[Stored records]
◇ ◇ ◇ ◇

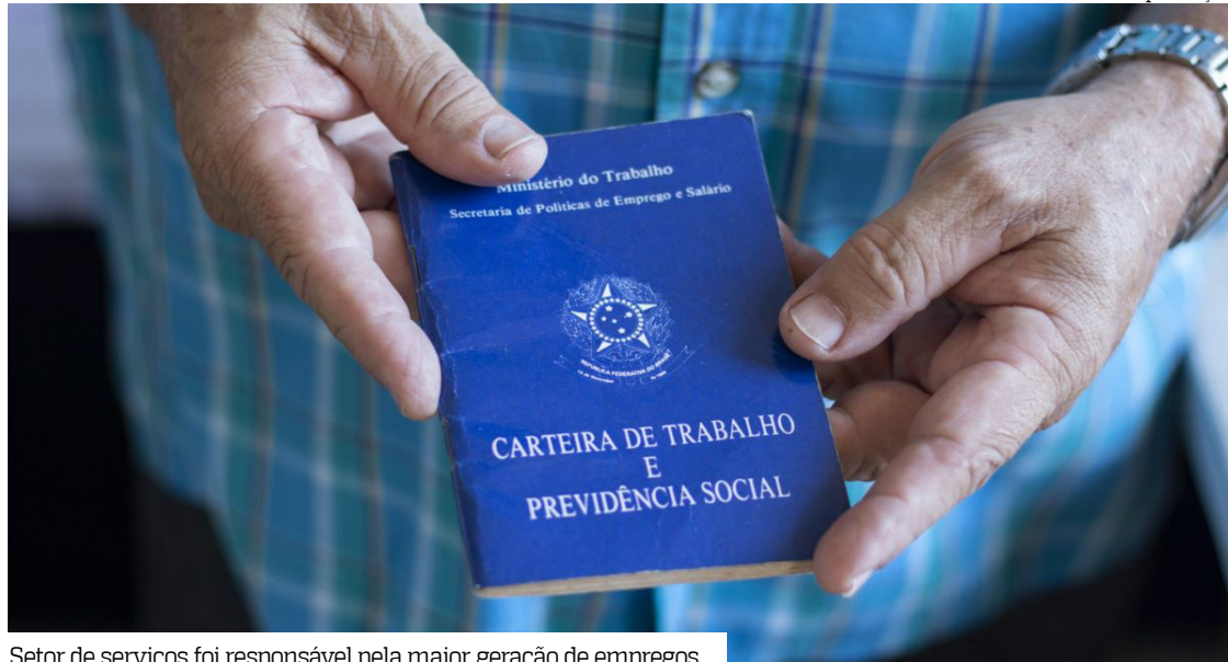
Setor de serviços foi responsável pela maior geração de empregos

Em seguida, aparecem construção civil, com 280 vagas, e indústria, com 199 vagas.
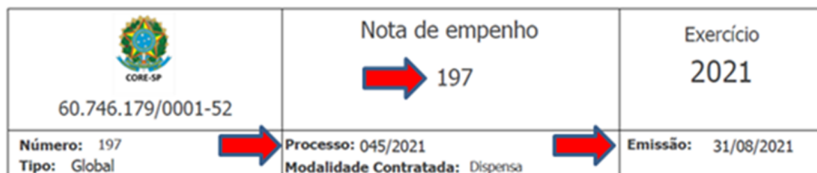
Figura 1: Exemplo de cabeçalho da Nota de empenho com as informações para a contratada informar na nota fiscal.

7.25.2. Na Nota Fiscal deverá obrigatoriamente constar no campo um (1) o número da nota de empenho, no campo dois (2) o número do processo, e ainda se o (3) "Documento foi emitido por ME ou EPP Optante Simples Nacional ou não", acompanhado do respectivo comprovante.
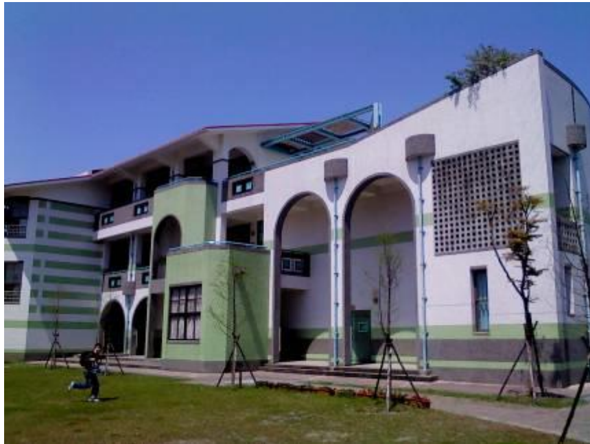
社區多功能學習中心---正面
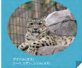
足裏を見せてくれたアクル。肉球の間にある毛が、滑り止めになります。
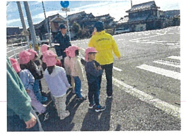
とら組 交通安全教室
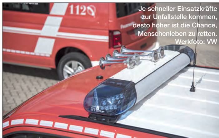
Je schneller Einsatzkräfte zur Unfallstelle kommen, desto höher ist die Chance, Menschenleben zu retten.

Gut merken kann man sich laut Kellner die neue Regelung mit der sogenannten „Rechte-Hand-Regel“. Der Experte vom DVR erklärt: „Man schaut auf die rechte Hand. Die Finger symbolisieren die Fahrspuren, die vor einem liegen. Der Daumen ist die linke Spur, auf der die Autos etwas weiter nach links fahren sollten. Die ‚Lücke‘ zwischen Daumen und Zeigefinger ist die Rettungsgasse.“
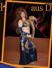
Kaschima aus Dresden
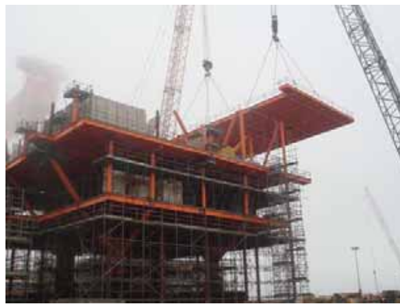
番禺WHPA10-2組塊5#片吊裝圖
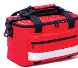
กระเป๋าปฐมพยาบาล First Aid Kits

(ผ่านการทดสอบ มาตรฐาน EN-1789 10G แบบ Dynamic 10กน X+)
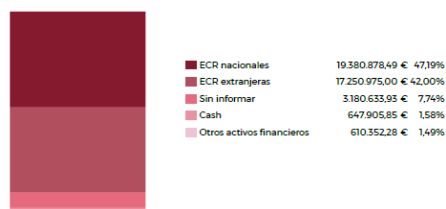
Distribución por tipo de activo
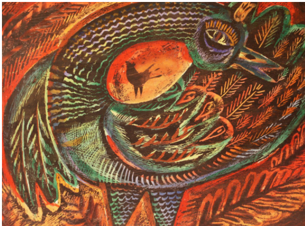
«Птенчик» бумага, граттография, размер 40 *30 см, 2002 год.
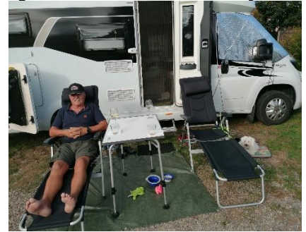
Afslapning i solen ved Camperen
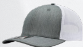
HEATHER GREY / WHITE

◇ ◇ ◇ ◇

(Your assignment): Retype the data shown above exactly, excluding any picture it contains.

(Answer to this exercise):
Setor de serviços foi responsável pela maior geração de empregos

Em seguida, aparecem construção civil, com 280 vagas, e indústria, com 199 vagas.
Figura 1: Exemplo de cabeçalho da Nota de empenho com as informações para a contratada informar na nota fiscal.

7.25.2. Na Nota Fiscal deverá obrigatoriamente constar no campo um (1) o número da nota de empenho, no campo dois (2) o número do processo, e ainda se o (3) "Documento foi emitido por ME ou EPP Optante Simples Nacional ou não", acompanhado do respectivo comprovante.
社區多功能學習中心---正面
足裏を見せてくれたアクル。肉球の間にある毛が、滑り止めになります。
とら組 交通安全教室
Je schneller Einsatzkräfte zur Unfallstelle kommen, desto höher ist die Chance, Menschenleben zu retten.

Gut merken kann man sich laut Kellner die neue Regelung mit der sogenannten „Rechte-Hand-Regel“. Der Experte vom DVR erklärt: „Man schaut auf die rechte Hand. Die Finger symbolisieren die Fahrspuren, die vor einem liegen. Der Daumen ist die linke Spur, auf der die Autos etwas weiter nach links fahren sollten. Die ‚Lücke‘ zwischen Daumen und Zeigefinger ist die Rettungsgasse.“
Kaschima aus Dresden
番禺WHPA10-2組塊5#片吊裝圖
กระเป๋าปฐมพยาบาล First Aid Kits

(ผ่านการทดสอบ มาตรฐาน EN-1789 10G แบบ Dynamic 10กน X+)
Distribución por tipo de activo
«Птенчик» бумага, граттография, размер 40 *30 см, 2002 год.
Afslapning i solen ved Camperen
HEATHER GREY / WHITE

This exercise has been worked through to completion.